The reason for the prohibition of alcohol or drugs is for the intentional absence of the mind and not for addiction. Excessive use of many lawful food and drinks could lead to addiction or could lead to harming the body which is wrong but there is a difference between excessive use of a substance that is originally lawful to use and between the use of a substance that is prohibited to use in the first place regardless of its used amount.

Dar al-Iftaa Al-Missriyyah (source)

So almost all scholars agree on coffee being Halal. Issues like that should always have a solid basis and scientific evidence to support the theory.

If its fermentation process is somewhat similar to wine does not mean it will also cause intoxication, this is the case with drinks such as kombucha tea. That is why imposing a ban without proof did not last long, and people kept drinking it without fearing the severe punishments. 

Is All Coffee Halal?

All coffees are considered Halal, even the Luwak Coffee is permissible to consume. Its coffee beans are collected from the droppings of a Civet (animal that eats berries). They are thoroughly washed and processed to make coffee (source)

But even then, one should be careful regarding the manufacturing process of coffee.

The point is, Muslims should be vigilant with whatever they are consuming as a whole. They must know that these things are form the permissible sources. Because even the Halal product could be prohibited to use if it’s not processed accordance to Halal guidelines.

Therefore, it is recommended that yoou choose the Halal certified brands if ever in doubt (source).

History of Islamic Stance Against Coffee and Caffeine Consumption

In 1511 CE, there was a ban on coffee in Mecca by Governor Khair Beg. Soon after that, Cairo (1532) and Constantinople banned its consumption. Şeyhülislam Ebussuud was an authorized religious scholar of the Ottoman Empire. He issued a fatwa against drinking coffee (source).

The reason all along was the same. Purist Muslims and governors thought of it as an innovation. A stimulant, you may say, has the same intoxicating effects on the human mind as that of alcoholic drinks.

Radical thinking was also on the rise because of the gathering of people in coffee houses. People from different sects and classes were sitting and enjoying themselves. The number of people increased day by day.

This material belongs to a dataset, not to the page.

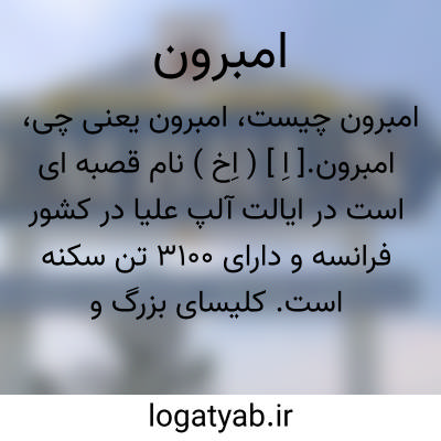 امبرون.[ اِ ] ( اِخ ) نام قصبه ای است در ایالت آلپ علیا در کشور فرانسه و دارای 3100 تن سکنه است. کلیسای بزرگ و مشهوری دارد که در قرون وسطی زیارتگاه مسیحیان کاتولیک بوده است. ( از قاموس الاعلام ترکی ج 2 ص 1033 ).

There was a threat of riot as people may be planning against the government. So the ban. They also threatened people with the death penalty if they did not follow the command. The bases were presumptions and fears of government downfall. But the ban did not last long because of the obsession and love people had for coffee.

Finally, the ban got lifted in 1524. The Ottoman Empire Sultan Selim I, together with Grand Mufti Mehmet Ebussuud el-İmadi, issued a fatwa making coffee permissible again (source).